[Source records]
-- Opening Marker --

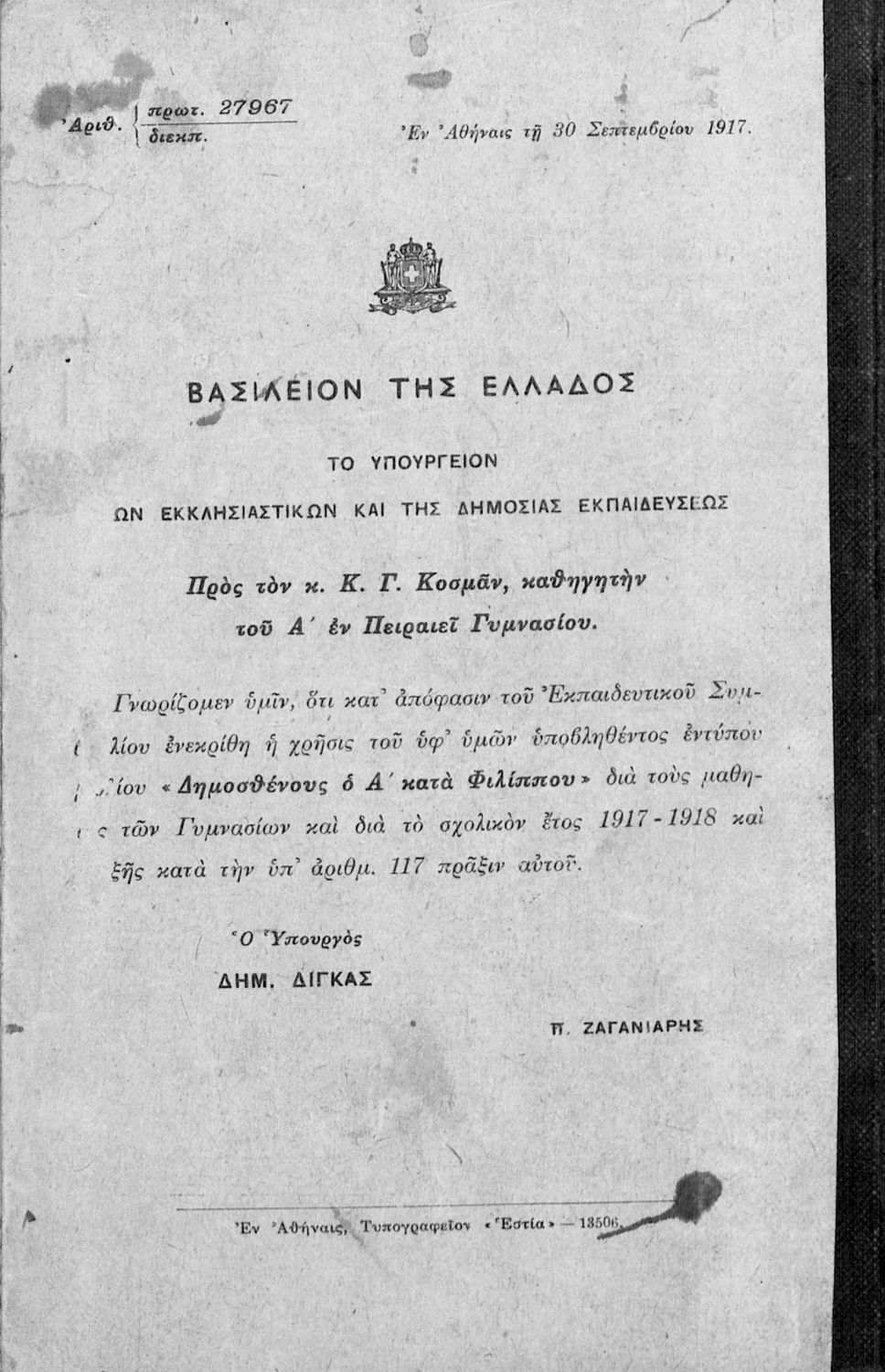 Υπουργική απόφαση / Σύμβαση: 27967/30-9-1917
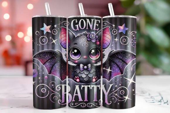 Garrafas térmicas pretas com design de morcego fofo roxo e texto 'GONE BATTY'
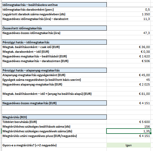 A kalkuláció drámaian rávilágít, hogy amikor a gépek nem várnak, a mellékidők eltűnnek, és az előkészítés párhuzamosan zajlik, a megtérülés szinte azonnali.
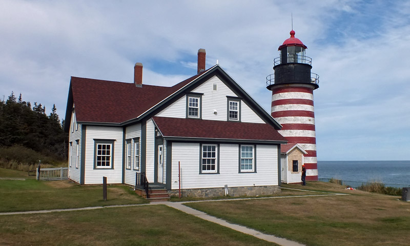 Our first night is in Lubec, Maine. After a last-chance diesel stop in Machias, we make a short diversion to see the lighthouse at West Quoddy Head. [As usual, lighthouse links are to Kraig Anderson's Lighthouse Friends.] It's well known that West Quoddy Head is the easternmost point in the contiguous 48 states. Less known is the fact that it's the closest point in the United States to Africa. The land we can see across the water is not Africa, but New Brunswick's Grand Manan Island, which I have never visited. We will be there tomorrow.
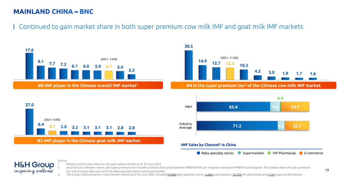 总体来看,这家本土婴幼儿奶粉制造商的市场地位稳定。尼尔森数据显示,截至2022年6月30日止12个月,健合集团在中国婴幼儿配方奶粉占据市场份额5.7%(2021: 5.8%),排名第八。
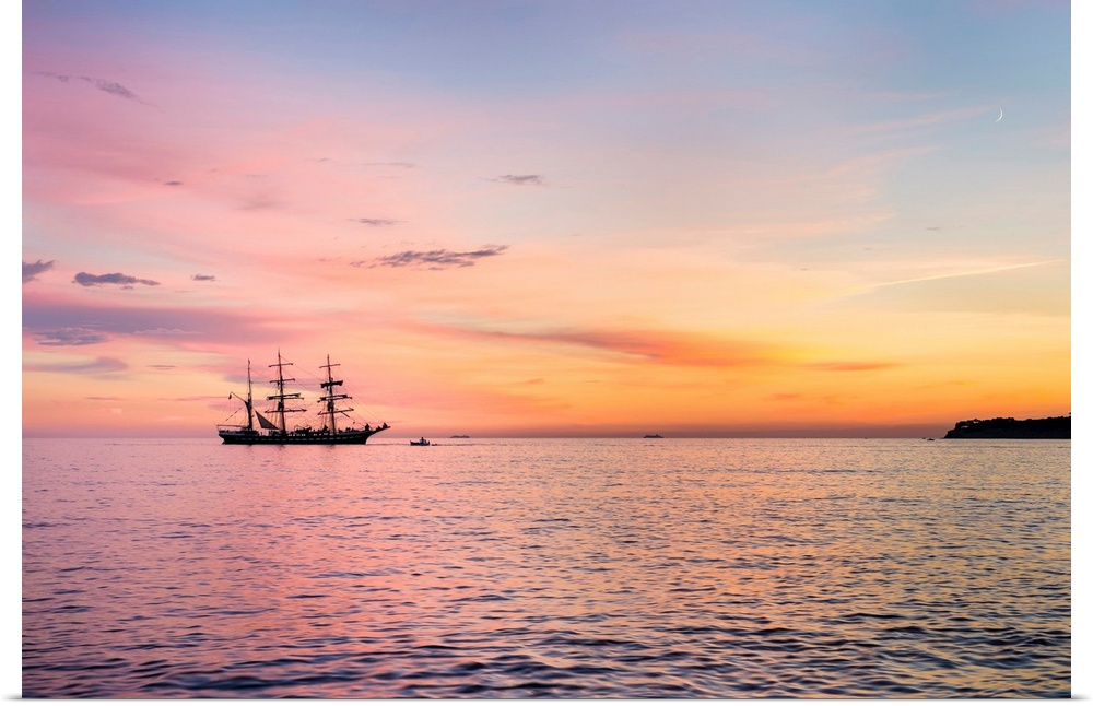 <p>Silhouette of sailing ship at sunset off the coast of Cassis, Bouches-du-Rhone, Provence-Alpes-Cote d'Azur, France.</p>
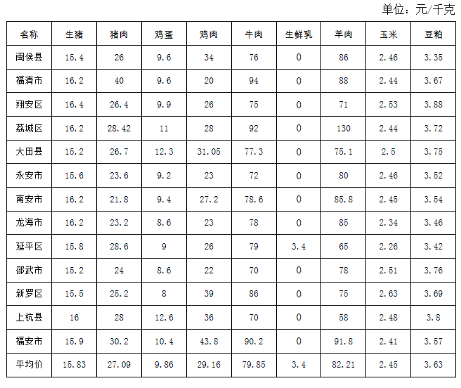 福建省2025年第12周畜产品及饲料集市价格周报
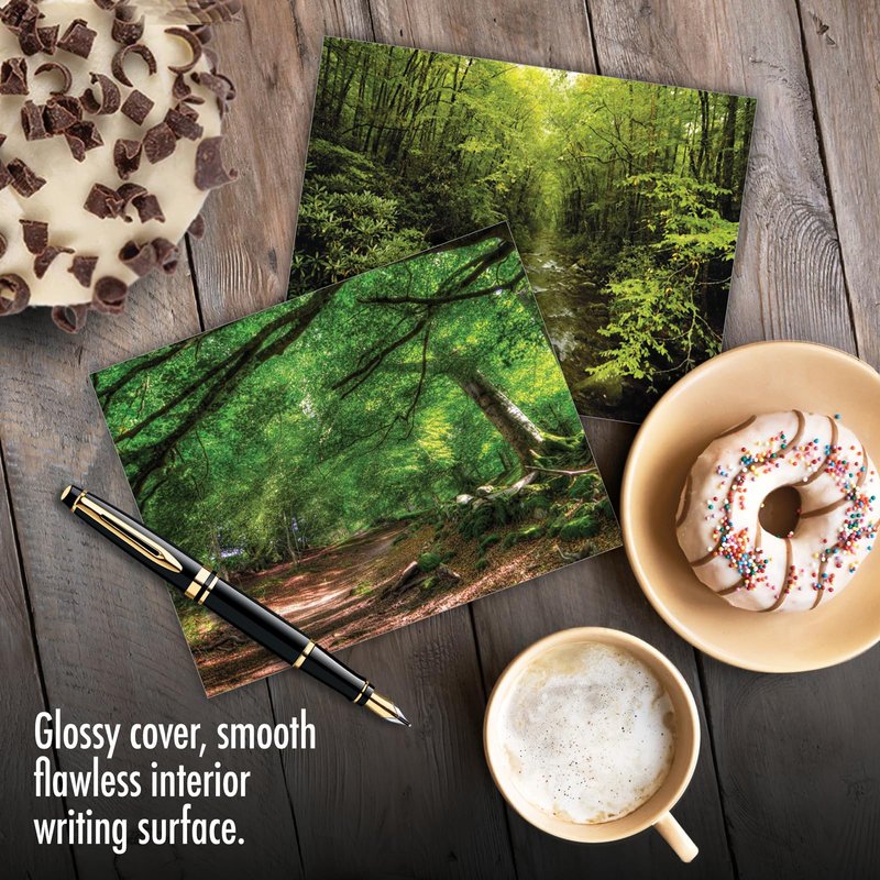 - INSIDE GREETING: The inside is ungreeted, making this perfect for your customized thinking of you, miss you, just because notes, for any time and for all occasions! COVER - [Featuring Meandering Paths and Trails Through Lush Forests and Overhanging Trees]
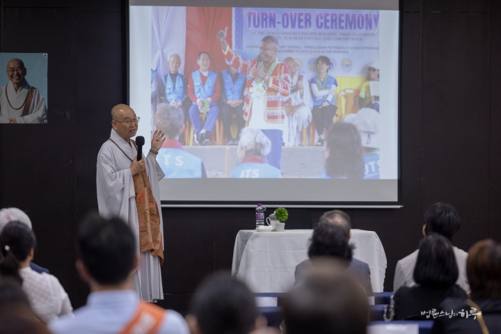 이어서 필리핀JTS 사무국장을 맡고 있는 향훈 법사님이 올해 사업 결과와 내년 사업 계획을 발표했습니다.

-- Closing Marker --

◆ **What the task requires**: Exactly the lines from the start of the entries above through the line with "A kalkuláció drámaian" should be reproduced, and nothing else; drop the pictures.

◆ **Reply to the exercise**:
 Υπουργική απόφαση / Σύμβαση: 27967/30-9-1917
 Garrafas térmicas pretas com design de morcego fofo roxo e texto 'GONE BATTY'
 A kalkuláció drámaian rávilágít, hogy amikor a gépek nem várnak, a mellékidők eltűnnek, és az előkészítés párhuzamosan zajlik, a megtérülés szinte azonnali.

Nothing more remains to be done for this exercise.